● **INFORMATION SHOWN**:

------------

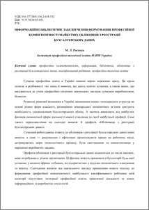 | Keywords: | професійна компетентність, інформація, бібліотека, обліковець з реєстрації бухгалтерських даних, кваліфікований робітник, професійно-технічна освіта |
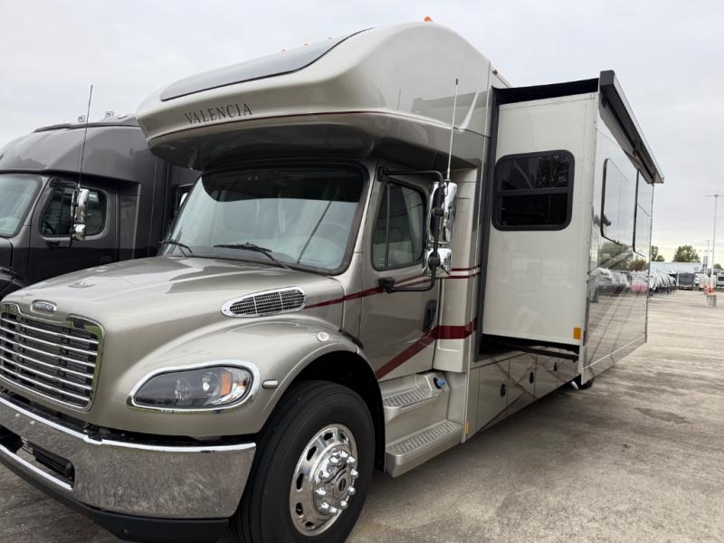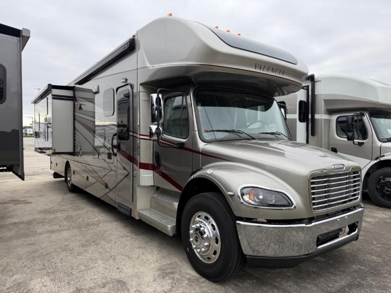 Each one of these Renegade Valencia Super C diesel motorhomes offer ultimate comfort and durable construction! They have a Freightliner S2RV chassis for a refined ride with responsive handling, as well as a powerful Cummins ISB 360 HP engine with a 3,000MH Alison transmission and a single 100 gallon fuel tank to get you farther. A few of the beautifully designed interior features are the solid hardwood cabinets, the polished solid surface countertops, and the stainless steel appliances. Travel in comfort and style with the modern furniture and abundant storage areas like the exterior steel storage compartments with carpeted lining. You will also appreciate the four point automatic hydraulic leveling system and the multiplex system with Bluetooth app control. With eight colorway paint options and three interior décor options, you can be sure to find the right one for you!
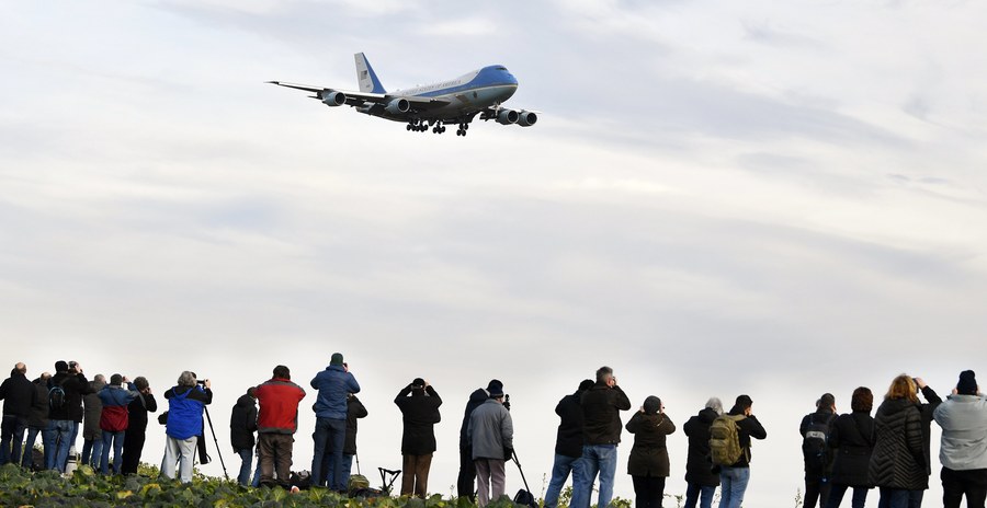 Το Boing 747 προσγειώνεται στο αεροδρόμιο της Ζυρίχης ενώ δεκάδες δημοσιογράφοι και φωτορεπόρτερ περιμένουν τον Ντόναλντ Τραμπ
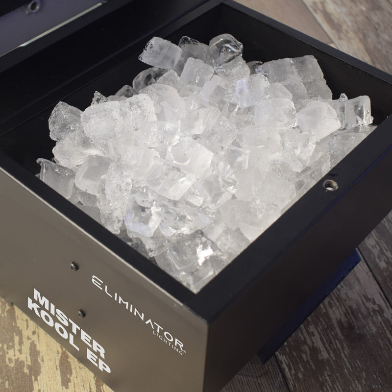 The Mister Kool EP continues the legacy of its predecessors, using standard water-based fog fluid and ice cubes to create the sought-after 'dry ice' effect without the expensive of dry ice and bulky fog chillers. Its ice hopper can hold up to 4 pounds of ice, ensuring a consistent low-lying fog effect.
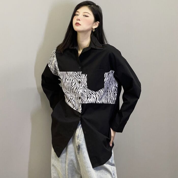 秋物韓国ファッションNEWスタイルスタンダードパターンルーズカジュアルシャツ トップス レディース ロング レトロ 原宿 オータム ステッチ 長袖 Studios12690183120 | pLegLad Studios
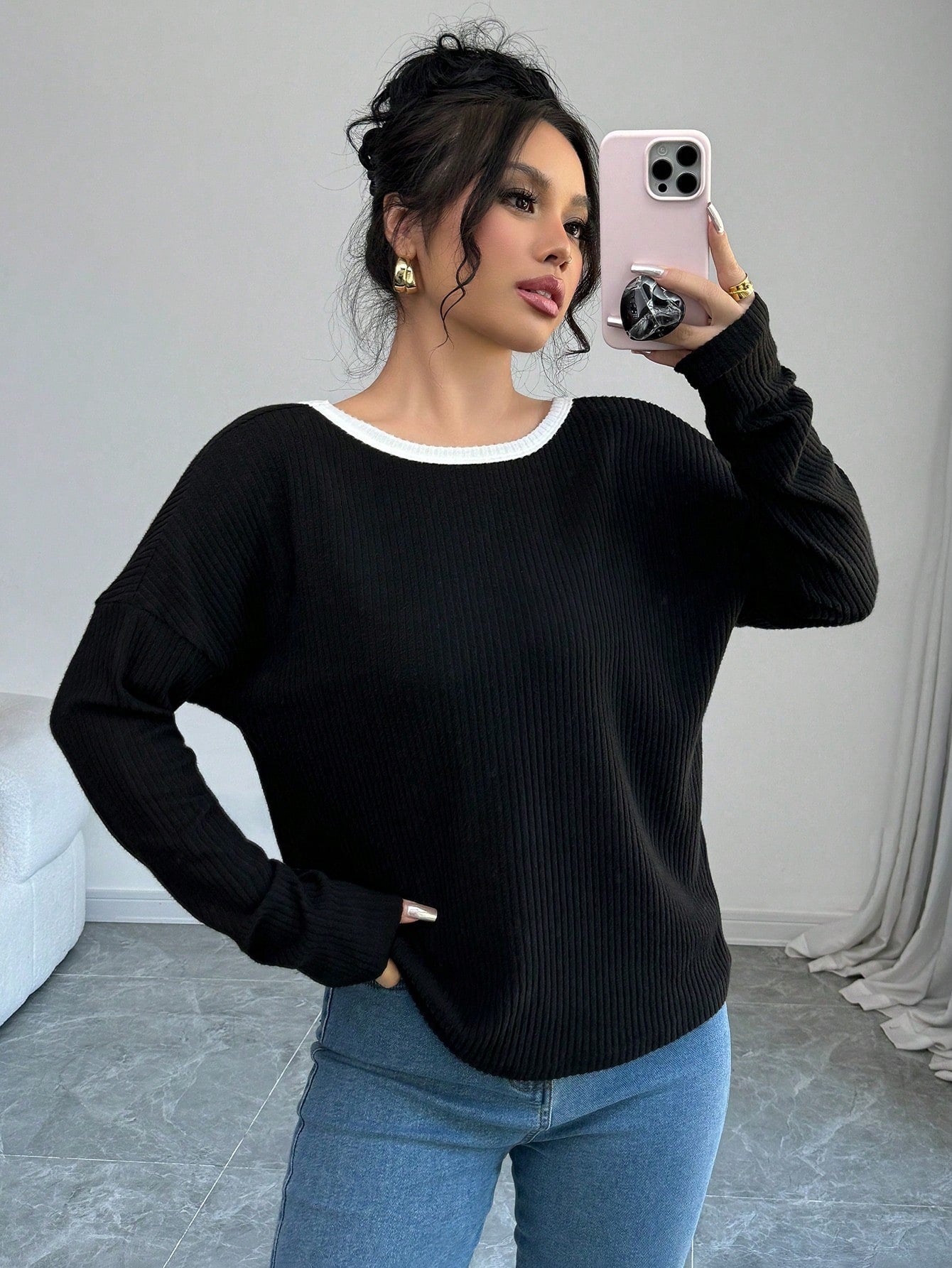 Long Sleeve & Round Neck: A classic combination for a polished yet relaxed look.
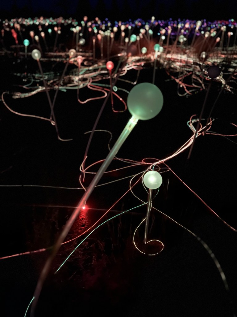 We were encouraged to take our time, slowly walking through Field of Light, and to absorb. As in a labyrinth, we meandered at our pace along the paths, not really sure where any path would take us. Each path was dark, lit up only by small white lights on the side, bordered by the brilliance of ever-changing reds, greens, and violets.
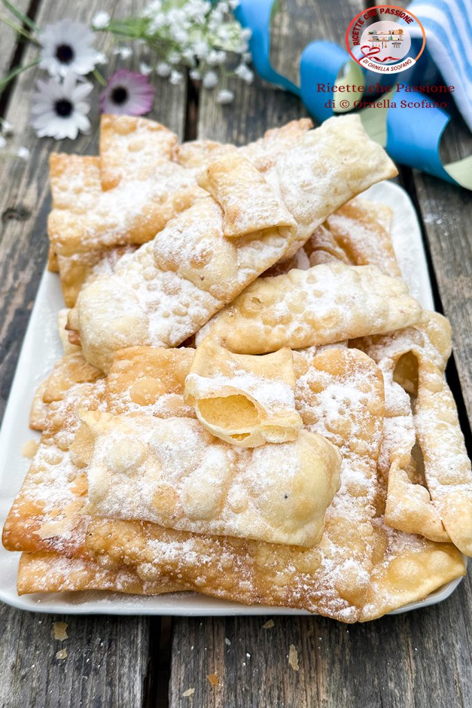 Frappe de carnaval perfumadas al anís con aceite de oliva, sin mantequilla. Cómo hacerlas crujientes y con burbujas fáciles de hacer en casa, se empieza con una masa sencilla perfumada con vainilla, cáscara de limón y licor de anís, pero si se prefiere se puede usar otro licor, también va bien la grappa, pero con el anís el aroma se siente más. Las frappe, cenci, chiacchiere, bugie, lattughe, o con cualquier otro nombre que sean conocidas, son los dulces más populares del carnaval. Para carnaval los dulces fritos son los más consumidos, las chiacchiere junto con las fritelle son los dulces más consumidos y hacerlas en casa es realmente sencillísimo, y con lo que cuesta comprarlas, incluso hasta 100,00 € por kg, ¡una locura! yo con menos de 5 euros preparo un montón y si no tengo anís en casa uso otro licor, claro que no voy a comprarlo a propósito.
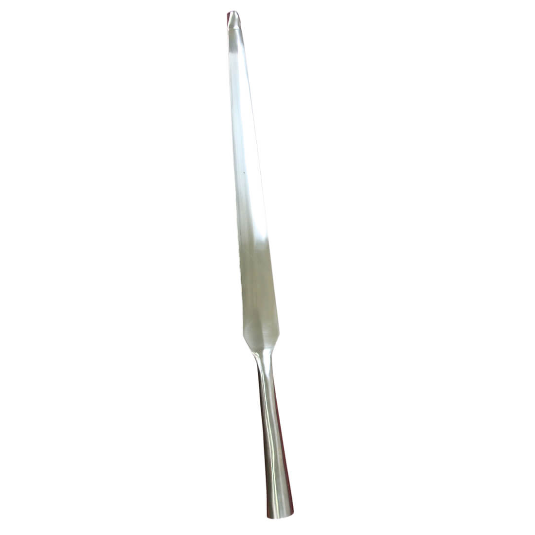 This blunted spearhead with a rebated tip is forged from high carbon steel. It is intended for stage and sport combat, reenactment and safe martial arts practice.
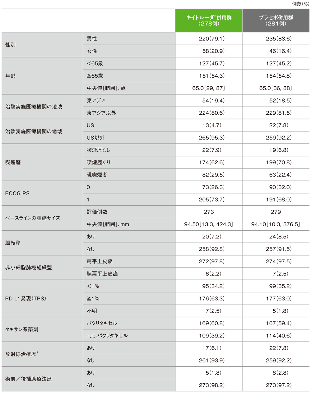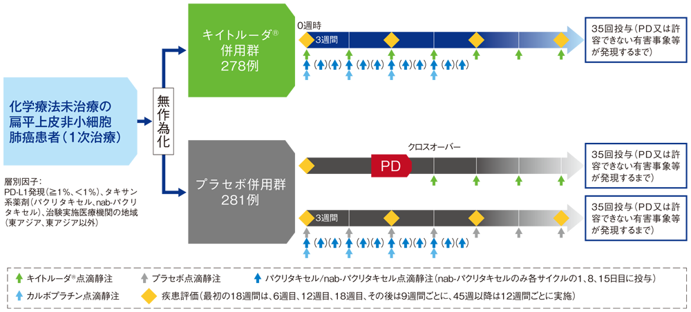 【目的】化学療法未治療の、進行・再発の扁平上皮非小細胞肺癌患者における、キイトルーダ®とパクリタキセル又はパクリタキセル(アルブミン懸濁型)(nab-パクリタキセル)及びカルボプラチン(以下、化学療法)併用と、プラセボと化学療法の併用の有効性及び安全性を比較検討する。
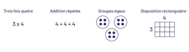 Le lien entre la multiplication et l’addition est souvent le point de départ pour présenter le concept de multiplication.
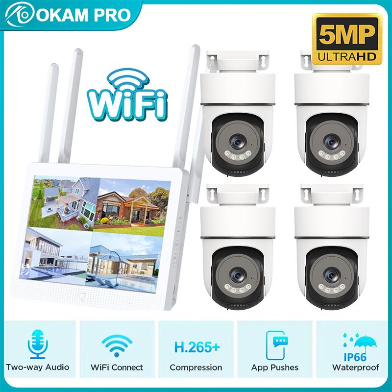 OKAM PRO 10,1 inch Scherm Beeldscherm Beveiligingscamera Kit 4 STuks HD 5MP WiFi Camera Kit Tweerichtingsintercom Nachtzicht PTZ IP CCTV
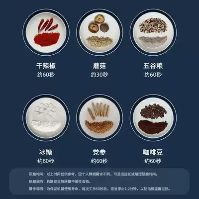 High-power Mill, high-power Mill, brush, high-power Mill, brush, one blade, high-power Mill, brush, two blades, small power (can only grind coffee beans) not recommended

------------

● **TASK DESCRIPTION**: Starting with the line that has "秋物韓国ファッションNEWスタイルスタンダードパターンルーズカジュアルシャツ トップス レディース" and going on through the line that has "We were encouraged", transcribe the records above exactly, but skip the pictures.

● **RESPONSE TO THE EXERCISE**:
 秋物韓国ファッションNEWスタイルスタンダードパターンルーズカジュアルシャツ トップス レディース ロング レトロ 原宿 オータム ステッチ 長袖 Studios12690183120 | pLegLad Studios
 Long Sleeve & Round Neck: A classic combination for a polished yet relaxed look.
 We were encouraged to take our time, slowly walking through Field of Light, and to absorb. As in a labyrinth, we meandered at our pace along the paths, not really sure where any path would take us. Each path was dark, lit up only by small white lights on the side, bordered by the brilliance of ever-changing reds, greens, and violets.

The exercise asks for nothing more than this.